13 luglio 2006

architettura Ideal city / Invisibile cities

 
Due lontani luoghi del nazionalsocialismo propongono modelli di città ideale. Quaranta nitide aggregazioni urbane capaci di celare altri contenuti dietro una cortina di eleganza grafica. Un'eleganza difficile da rintracciare attualmente...

di

Ideal city / Invisibile cities, questo il tema sul quale Sabrina van der Ley e Markus Richter hanno chiamato 40 artisti a riflettere attraverso produzioni originali. In apparenza il tema di questo progetto complesso può essere avvertito come esausto e il riferimento letterario come minimo affaticato dall’usura di citazioni eccessive. È così certo, ma ci attira la perversa intenzione di localizzare questo approfondimento sull’aggettivo ideale applicato alla città, presso Potsdam e Zamość (lontane per altro centinaia di chilometri. Potsdam è la città che ospita uno dei luoghi simbolo del militarismo prussiano, la chiesa della guarnigione, e che vide nel 1933 la successione di Hitler al venerando presidente Hindenburg. Zamość fu –come laboratorio speciale delle SS- il luogo della sperimentazione di una sostituzione etnica feroce avviata dopo il blitzkrieg polacco. Per intenderci Zamość assumerà, durante l’occupazione tedesca, il nome di Himmlerstadt.
Una certa rigida precisione aleggia in effetti sull’intera esposizione, cui gli stessi curatori attribuiscono un carattere saggistico di completezza. Attorno infatti ai lavori site-specific, che costituiscono il cuore della mostra, si articolano diverse sezioni relative ad aspetti particolari del tema. Chandigarh, Brasilia, Lublino raccontano della possibilità novecentesca della città ideale, i lavori di Archigram e Costant, attraverso un modalità divertente ed anarchica, consentono la transizione a lavori puramente artistici che approcciano il tema indirettamente o solo graficamente come nella video installazione di Rula Halawani che documenta la realizzazione del muro di sicurezza israeliano.
Carl Andre, Lament for the Children
Tema esausto quindi, ma elaborato in modo esaustivo. La qualità è alta e si evita soprattutto il più macroscopico degli errori curatoriali presentando una gran quantità di artisti che dichiarano date di nascita stupidamente inusuali come 1930, ‘40 e ‘50.
Tutti comunque, fino ai più leggeri trentenni, offrono elaborate ricerche di linguaggi visivi personali assolutamente inedite quando si tirano in ballo architetti e architettura. Rigore strutturato nell’uso delle griglie; visioni dinamiche collegate all’idea di flusso; sensibilità compositiva e cromatica quando si identifica una possibile bellezza urbana in riquadri di paesaggio.
Assente qualsiasi riferimento alle città di fondazione italiane, e questo è strano. Assente fortunatamente qualsiasi entità che possa riferirsi al tipo genetico del giovane architetto digitale, e questo è bene. Nessuno, tra quelli di tale categoria, che attualmente godono di una qualche visibilità ha mai minimamente pensato di sviluppare un proprio linguaggio. Meglio produrre cataste di progetti basati su una curva divertente e colorata, un sostantivo azzeccato ed un aggettivo ancora più azzeccato e meglio se composto in qualche modo. ID-deal, IN-visible.
Tilman Wendland, untitled
Quaranta artisti riproducono la prassi architettonica della grafica e della modellazione applicata all’urbanistica. Con una sensibilità assente da tempo nella prassi architettonica, tenendo presente una personale declinazione dell’idea di bellezza applicata alla composizione e alla disposizione. Ne derivano città ideali. Ma questo aggettivo trasmette la tensione tipica degli oggetti bellissimi ma irreali, che non esprimono il loro carattere attraverso l’indiscutibile eleganza celandolo altrove.

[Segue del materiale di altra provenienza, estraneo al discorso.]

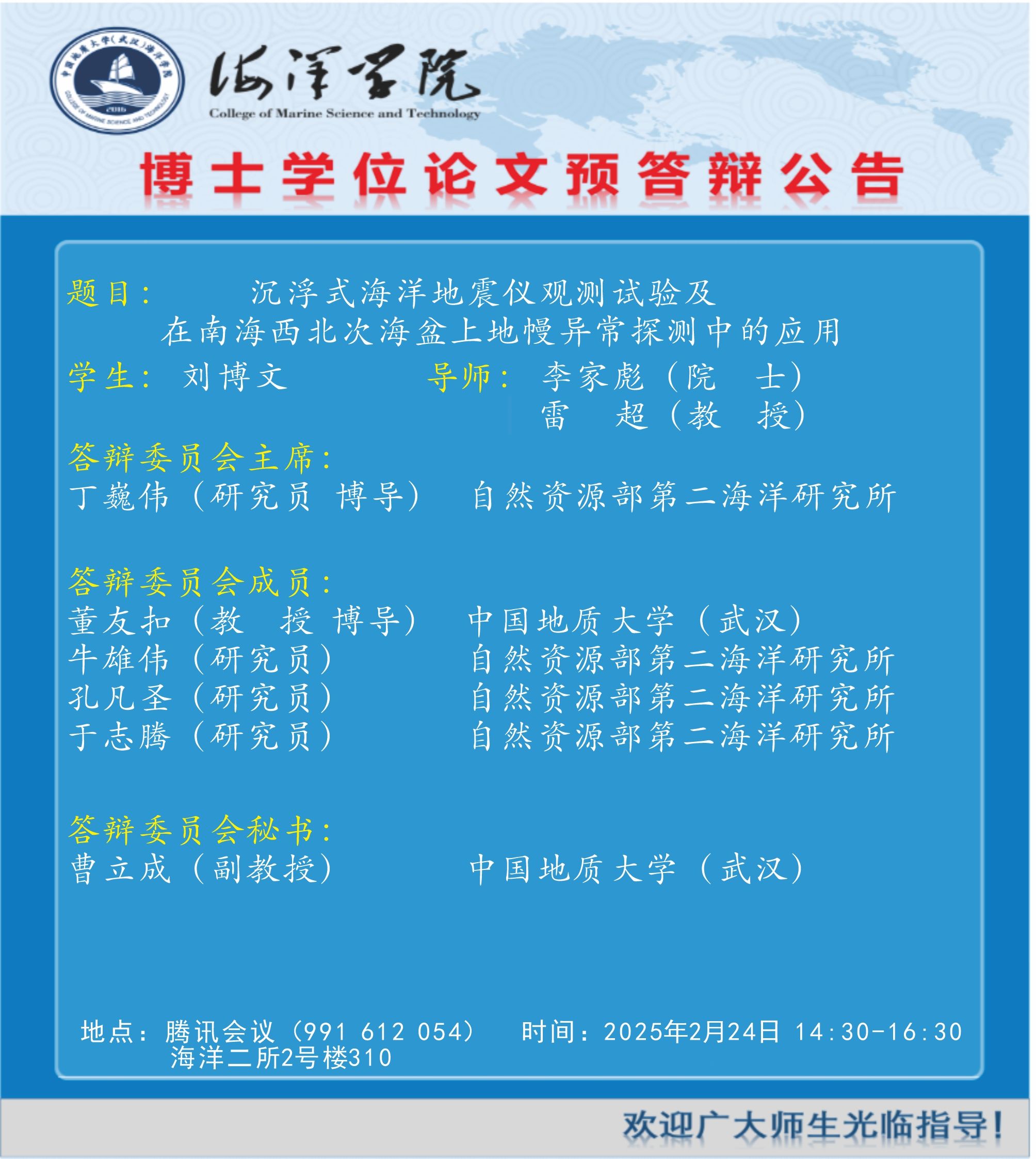 海洋学院2025年春博士学位论文预答辩公告(2月24日)

“Metti che questo videogame in origine doveva essere molto diverso. Metti che in origine doveva essere un capolavoro che avrebbe cambiato per sempre il mondo dei videogame. Metti che la Nintendo si è cacata sotto. Metti che hanno speso milioni di dollari per trasformarlo in qualcosa di più commerciale. Metti che quell’edificio è una parte del vecchio videogioco di cui non si sono accorti finchè non è stato troppo tardi. Metti che hanno chiuso la porta a chiave e ci hanno messo attorno un po’ di pietre sperando che nessuno se ne accorgesse. Capace che li dentro c’è tutto un mondo…” (God jr, Dennis Cooper, Fazi editore, Roma, 2006)

link correlati
www.idealcity-invisiblecities.org

luca ruali
also available architecture / www.alsoavailable.net

[exibart]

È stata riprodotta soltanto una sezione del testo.